You have the ability to think outside the box and I don’t. Good idea 👍. I could have a huge bright red fire extinguisher behind the tv cabinet with a length of clear CO2 proof tubing from it and she would never know. Cheers for that 👍. Solved 😃


----------



## Ghettofarmulous (19 Aug 2020)

I considered putting it in the wall behind my cabinet for safety reasons with a toddler running about but I opted to modify the cabinet instead and show it off. 
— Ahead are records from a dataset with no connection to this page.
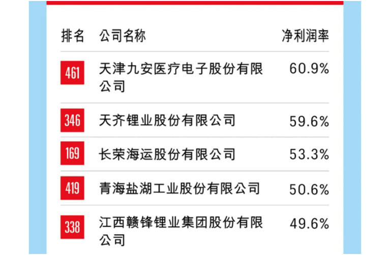 值得注意的是,在凈利潤率方面,排位最高的五家公司中,有三家是鋰電池相關行業,其中天齊鋰業的凈利潤率高達59%,位列利潤率榜第二位,青海鹽湖和贛鋒鋰業分別以50.6%和49.6%的凈利潤率位列全部榜單的第四和第五位。
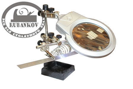 Штатив паяльный с диодной подсветкой и лупой. Диаметр большой линзы - 86мм, диаметр малой линзы - 21мм. Ширина поперечной направляющей - 120мм. Поворот лупы на 360º. 2 зажима. Утяжеленное основание с кармашком. Место под паяльник. 2 диодных лампы с питанием от 2 батареек ААА (мизинчиковые). Основное применение - зажим плат для удобства при пайке. Производство - IMEX Tools (Россия).
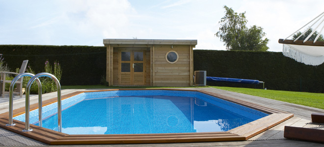 Madriers simple rainure et languette, 28mm d’épaisseur • Assemblage à mi-bois • Traitement autoclave • Fabrication des portes et fenêtres à tenons et mortaises • Quincaillerie de qualité, serrure à cylindre • OEil-de-boeuf fixe • Toiture plate recouverte d’EPDM • Sous-toiture en planchettes 17 x 95 mm • Baguettes de finition d’angle parois et plancher • Profils U extérieurs de finition en bout de madriers de parois • Poteau d’angle 12x12 avec platine réglable et cache-platine
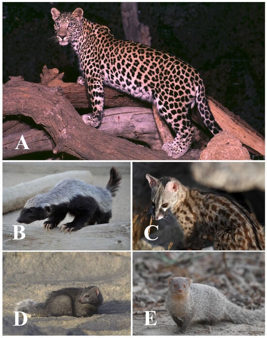 (A) Panthera pardus nimr (NCW). (B) Mellivora capensis (NCW). (C) Genetta genetta (NCW). (D) Ichneumia albicauda (NCW). (E) Herpestes edwardsii (Photo by M. Al Zayer).
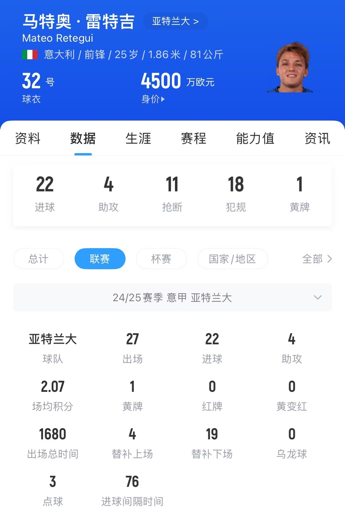 本賽季25歲的雷特吉表現(xiàn)出色,27輪意甲打進22球,斷層領跑聯(lián)賽射手榜,領先第二的小基恩7球,并幫助亞特蘭大排在意甲第三。

in Future i would consider making a hatch in the wall. Easily done


----------



## papa_c (20 Aug 2020)

You could already go down the disposable welding bottle route with full solenoid.


----------



## PARAGUAY (20 Aug 2020)

The D-D Freshwater 600g set as everything you need and for replacement bottles halfords or machine mart stock 600 mig welding gas bottles


----------



## SMW945 (20 Aug 2020)

Thank you for all the suggestions/advice. I’ve taken the plunge and ordered a number of new shiny things this morning. Next thing will be a lighting upgrade/enhancement. 👍


----------



## SMW945 (27 Aug 2020)

CO2 system all installed. Fire extinguisher behind the tv where my Wife can’t see it. So she’s really happy. Bought CO2Art Pro SE regulator which looks and feels like a really nice. The tubing, diffuser and dropper also CO2Art. Really good service from them. Just taking the next day or so to fine adjust level. 👍


----------



## Ghettofarmulous (27 Aug 2020)

I have the same Co2 art stuff


----------